Why do these cryptocurrency items fail?
Coinopsy's data provides several different "causes of death." The most common is “abandoned”, that is, simply the investor no longer trades a currency to zero (or tend to zero) the volume of the transaction. 63.1% of the projects ended in this form.
Another batch of projects failed because of (suspicious) fraud – up to 29.9% of projects on Coinopsy fall into this category. Most of these alleged fraudulent projects appeared in 2017, most likely when the bull market went out of control. In this dataset, the number of scammers in 2017 was more than five times that of the previous year.
Interestingly, the data also mentions the founders of some projects. There are two founders, one is the Bitcointalk user named "Crunck" and the other is Daniel Mendoza. The two have each launched three projects, all of which are listed as liar projects (again, the data is for the masses together) It is not necessarily accurate.
Other reasons for the death of the encryption project were ICO failure (3.6%) and the obvious “spoof” project (3.2%), such as “AnalCoin”, “BagCoin”, and “BieberCoin”.

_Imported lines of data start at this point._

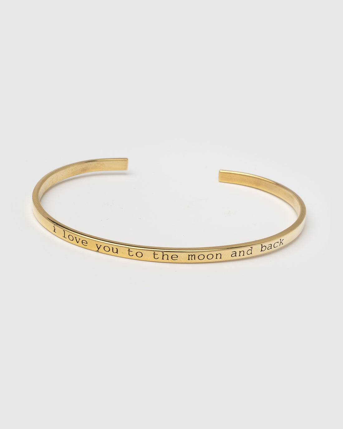 Vergoldete, handgefertigte Armspange von Anna + Nina. "I love you to the moon and back" Gravur. Die Größe der Armspange kann durch vorsichtiges Biegen angepasst werden.
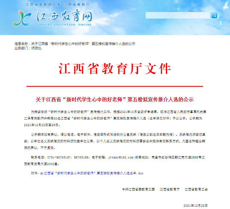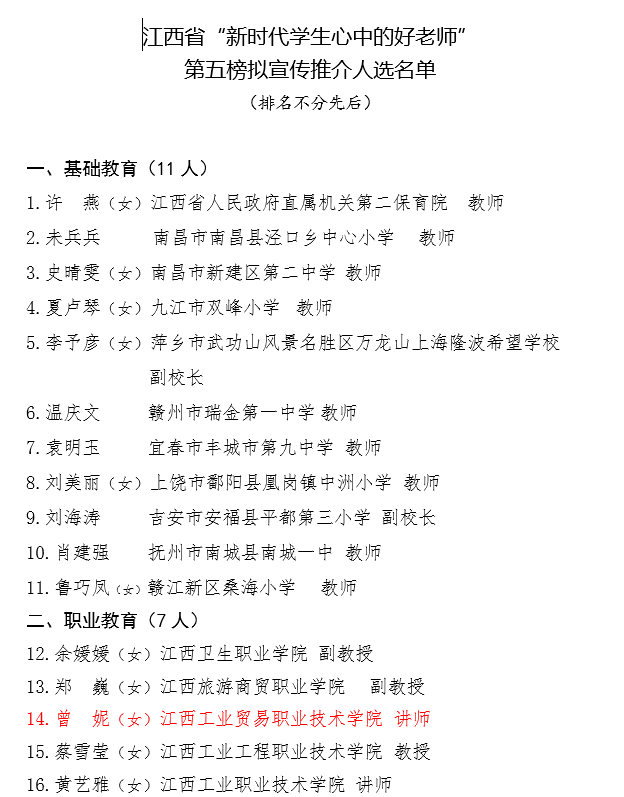 经学院推荐、省级评审和公示,中共江西省委教育工委、江西省教育厅、江西省教育工会日前公布了江西省“新时代学生心中的好老师”第五榜宣传推介人选,江西工业贸易职业技术学院教师曾妮光荣上榜。曾妮以实际行动践行了习近平总书记有理想信念、有道德情操、有扎实学识、有仁爱之心的“四有”好老师标准,以自己的真情、真心、真挚和真诚,默默地诠释着一位高职教师的“工匠精神”,成为了新时代学生心中的好老师。
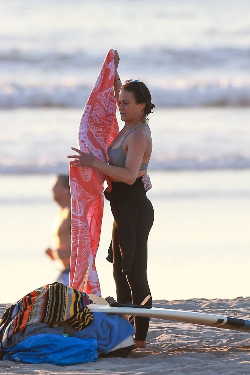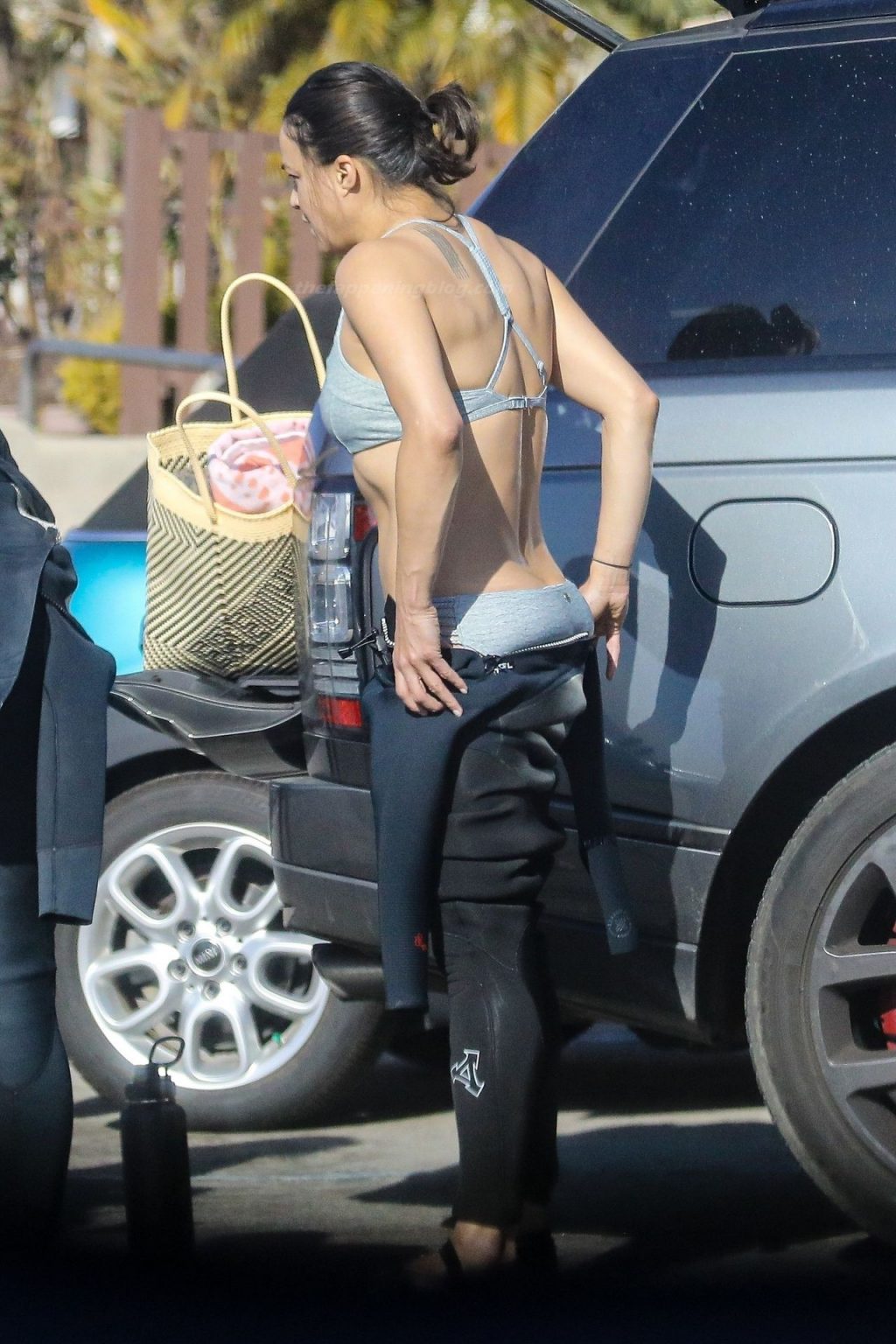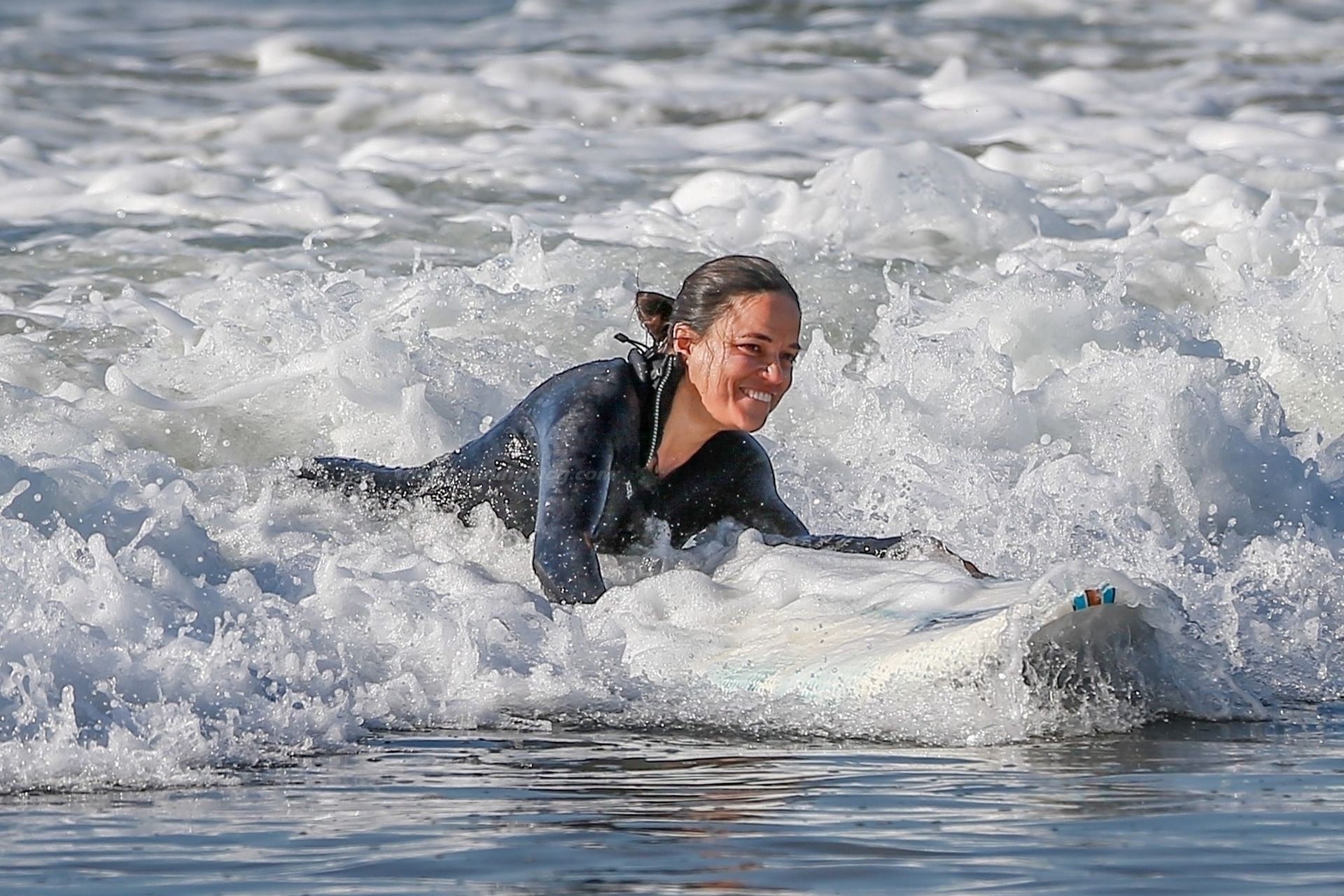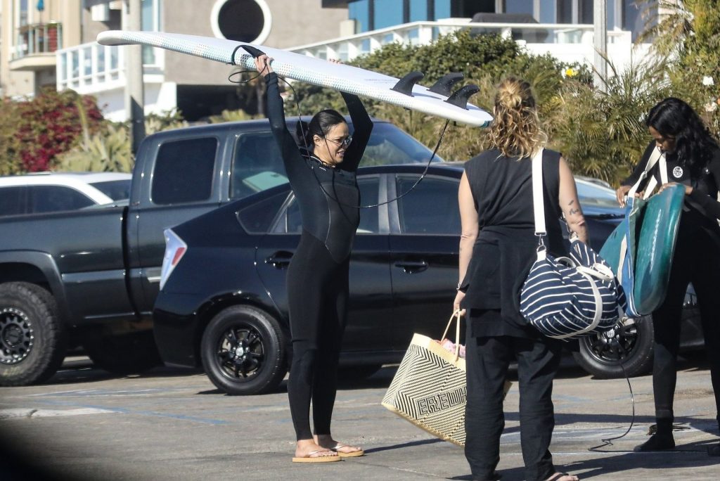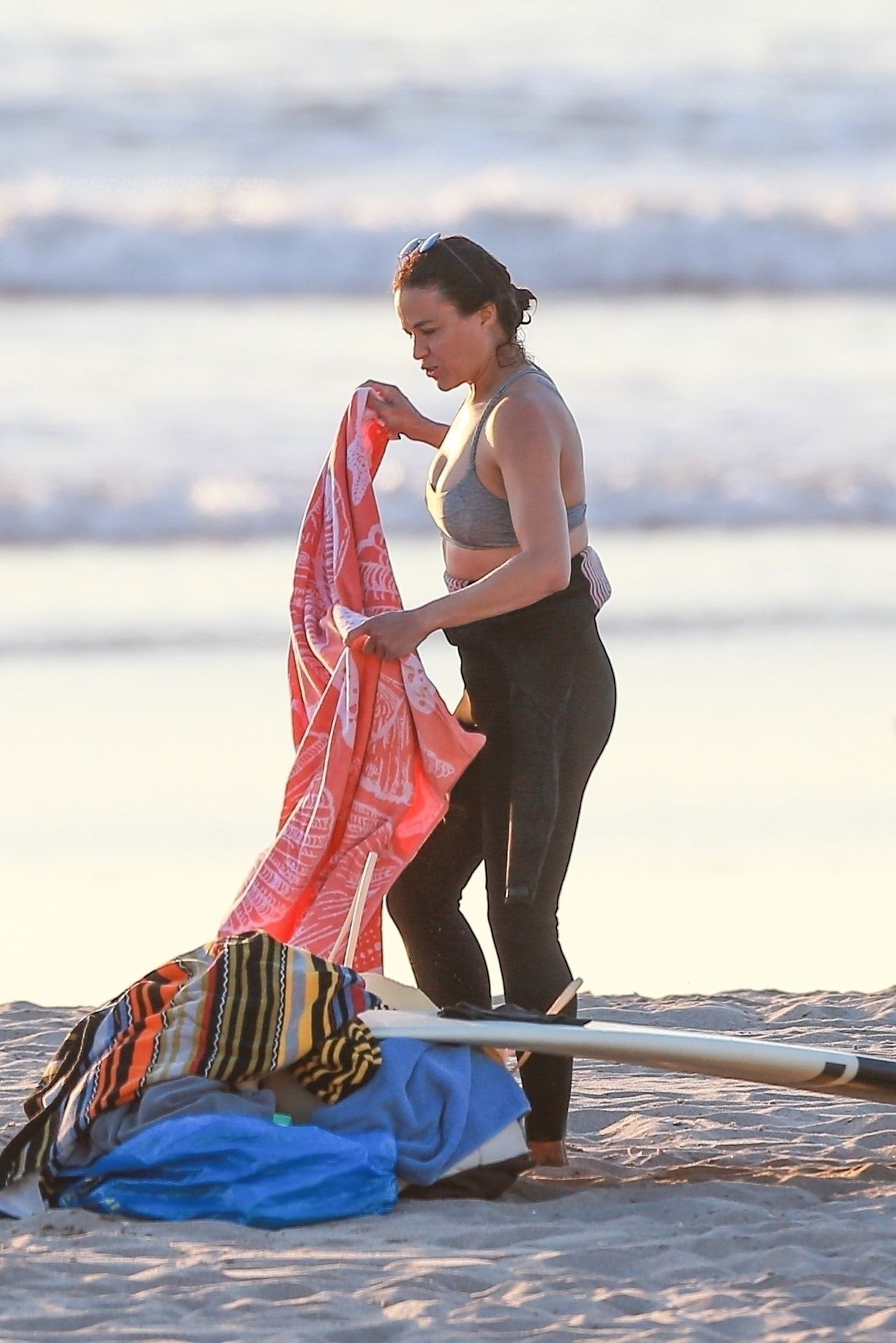 Michelle Rodriguez vai surfar com amigos em Malibu, 12/04/2020. A atriz mostra seu corpo sexy e em forma, trocando a roupa de mergulho.

How many failed projects are there in total?
We can't say exactly how many projects have failed. This answer depends to some extent on how you judge the life and death of a project. Coinopsy currently lists 705 items, DeadCoins lists 1779 items, and CoinMarketCap has more than 1,000 items with a daily transaction volume of less than $1,000 – even if there is no “definite death”, it is equivalent to a “death” project. .
Of course, the data of these three websites overlap, but there may be other failed projects, especially some international projects that do not use English as the main language, because the three websites mentioned above are mainly oriented to English-speaking audience.
How long have these failed projects survived?
One of the most interesting things about Coinopsy data is that each failed project has a "birth" and "death" time, so that we can roughly calculate the survival time of each project.
Not surprisingly, the “abandoned” project – the ones that were already on track but ultimately failed to retain investors – survived for the longest, with an average life of 1.7 years. This was followed by an ICO failure project with an average survival of 1.6 years. The spoof project is enough for everyone to laugh for 1.4 years. Fraud projects have the shortest lifespan and die on average for about a year.